When we sub-database processing of the original table, if some business system data still has a very fast growth rate, such as the repayment history table of the repayment database, the data volume reaches several hundred million. At this time, performance problems caused by hardware limitations will still occur, so from this perspective, vertical segmentation does not fundamentally solve the problem of excessive data volume in a single database and single table. At this time, we also need to do a horizontal segmentation of our data.

When the number of our customer tables has reached tens of millions or even hundreds of millions, there will be problems with the storage capacity and query efficiency of a single table. We need to further divide the data of a single table horizontally. The table structure of each database in the horizontal segmentation is the same, but the data stored is different, for example, each database stores 10 million data.

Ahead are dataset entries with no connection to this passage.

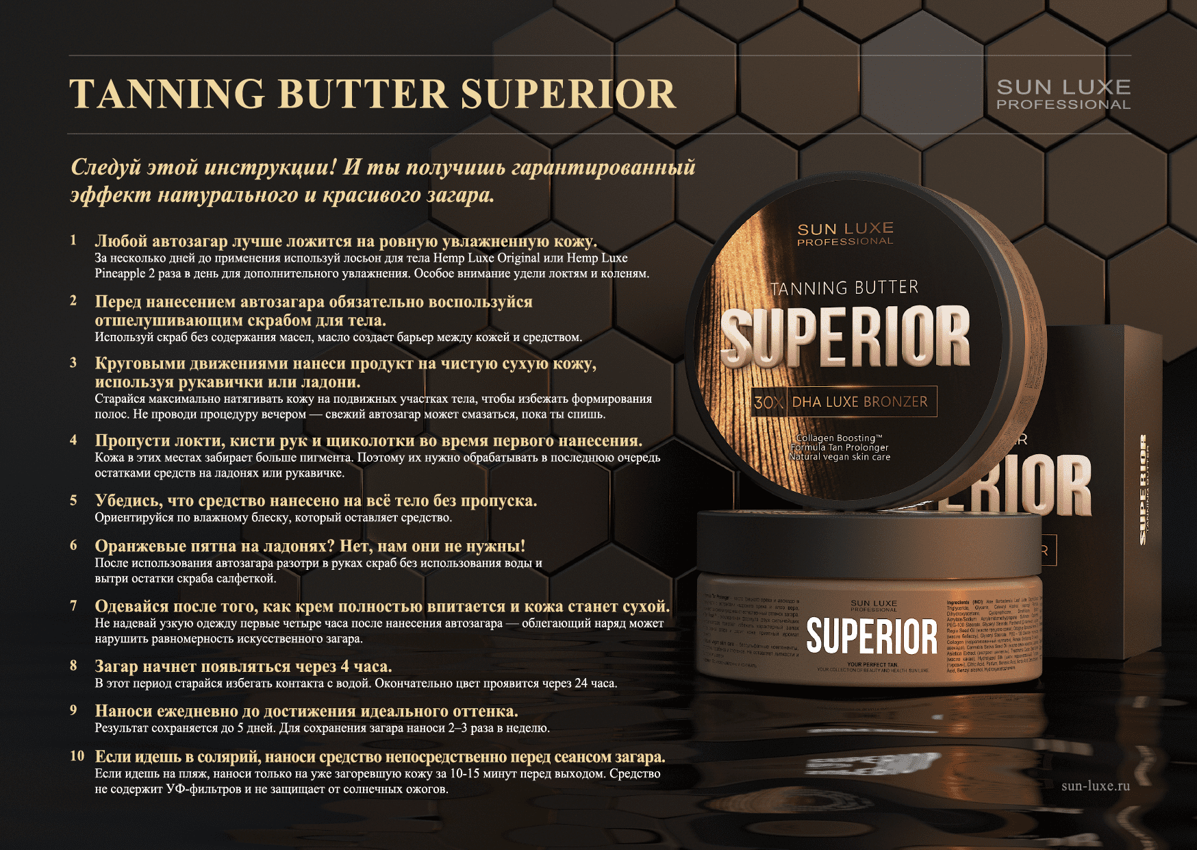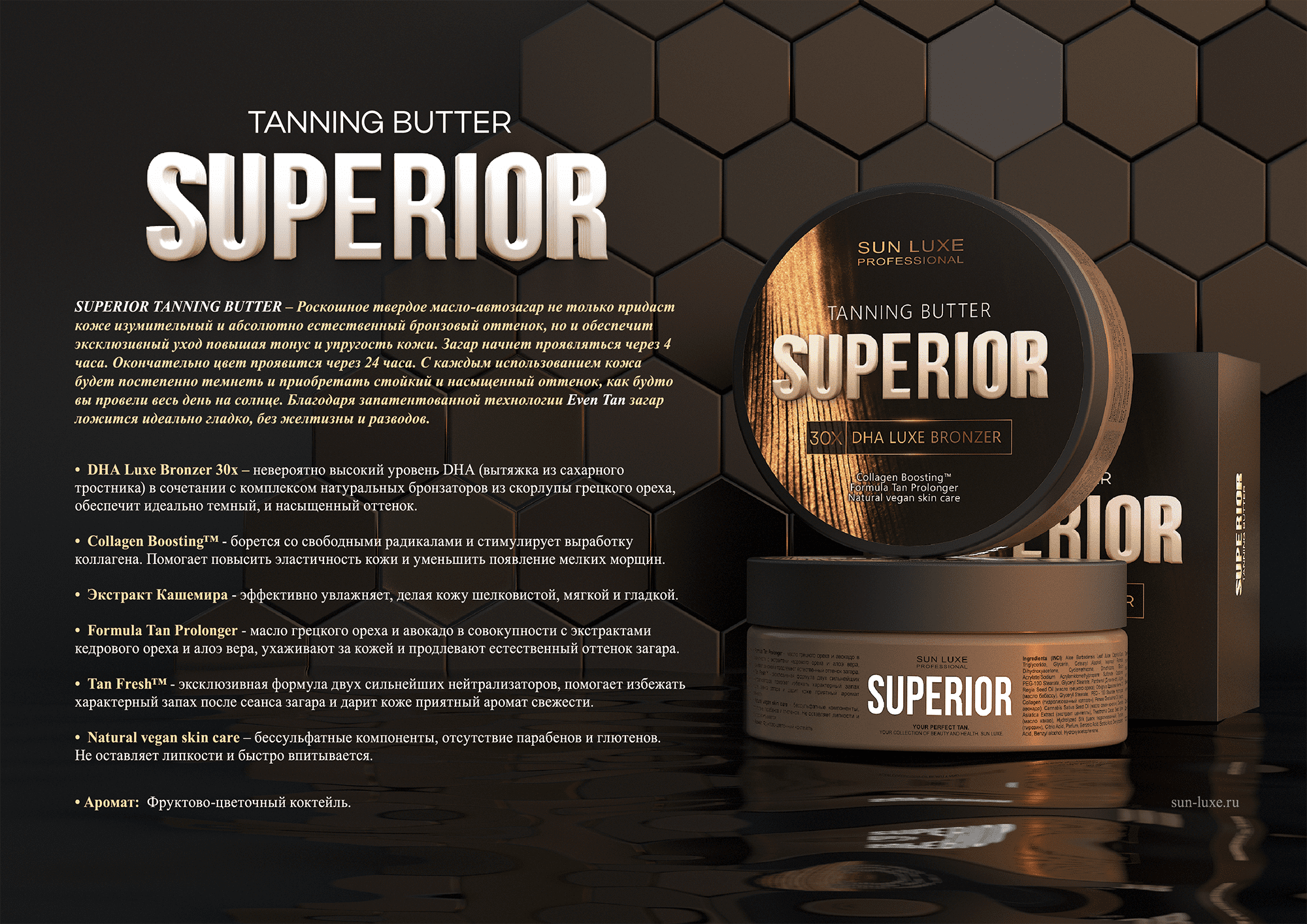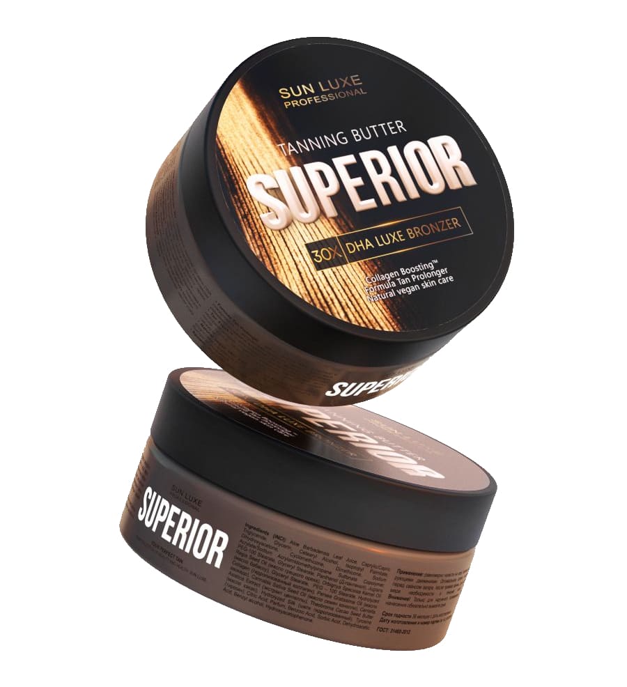 SUPERIOR TANNING BUTTER – роскошное твердое масло-автозагар не только придаст коже изумительный и абсолютно естественный бронзовый оттенок, но и обеспечит эксклюзивный уход, повышая тонус и упругость кожи. Загар начнет проявляться через 4 часа. Окончательно цвет проявится через 24 часа. С каждым использованием кожа будет постепенно темнеть и приобретать стойкий и насыщенный оттенок, как будто вы провели весь день на солнце. Благодаря запатентованной технологии Even Tan загар ложится идеально гладко, без желтизны и разводов.
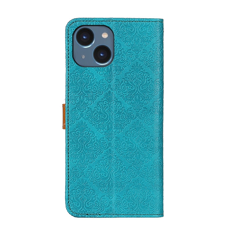 Funda de Teléfono para iPhone 15 Cuero En Relieve Floral Europeo (Azul)
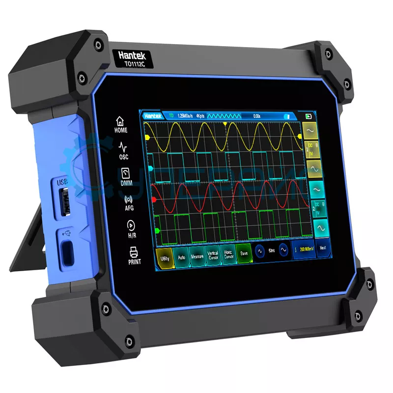 Hantek TO1112C – пример компактного двухканального осциллографа, который сочетает обширный функционал и эргономику современного планшетного устройства. Представленный измерительный прибор будет полезен профессионалам и обычным пользователям, которые работают с электрическими сигналами. Среди опций, которые предлагает TO1112C, установка коэффициента затухания датчика на два положения, измерения временного интервала по горизонтальной и три режима захвата по вертикальной системе, режимы выборки и сбора сигналов, три режима триггера по системе синхронизации. Доступны такие виды запуска, как, например, по фронту или по наклону.

Horizontal segmentation can also be divided into two types

  • Single database level segmentation,
    such as the transaction flow table of a bank. All incoming and outgoing transactions need to register this table, because most of the time customers query the transaction data of the day and the transaction data within one month, so we put this according to the frequency of use Split the table into three tables:
    • Today table: Only the data of the current day is stored.
    • Current month table: Run a scheduled task at night, and all data from the previous day will be migrated to the current month table. Use insert into select, and then delete.
    • History table: It is also through a timed task to migrate the data registered for more than 30 days to the history history table (the data in the history table is very large, and we create partitions on a monthly basis).

But note that, like partitioning, although this approach can solve the problem of single-table query performance to a certain extent, it cannot solve the problem of stand-alone storage bottlenecks.

  • Multi-database horizontal split
    Multi-database horizontal split table. For example, the customer table, we split it into multiple database storage, the table structure is exactly the same.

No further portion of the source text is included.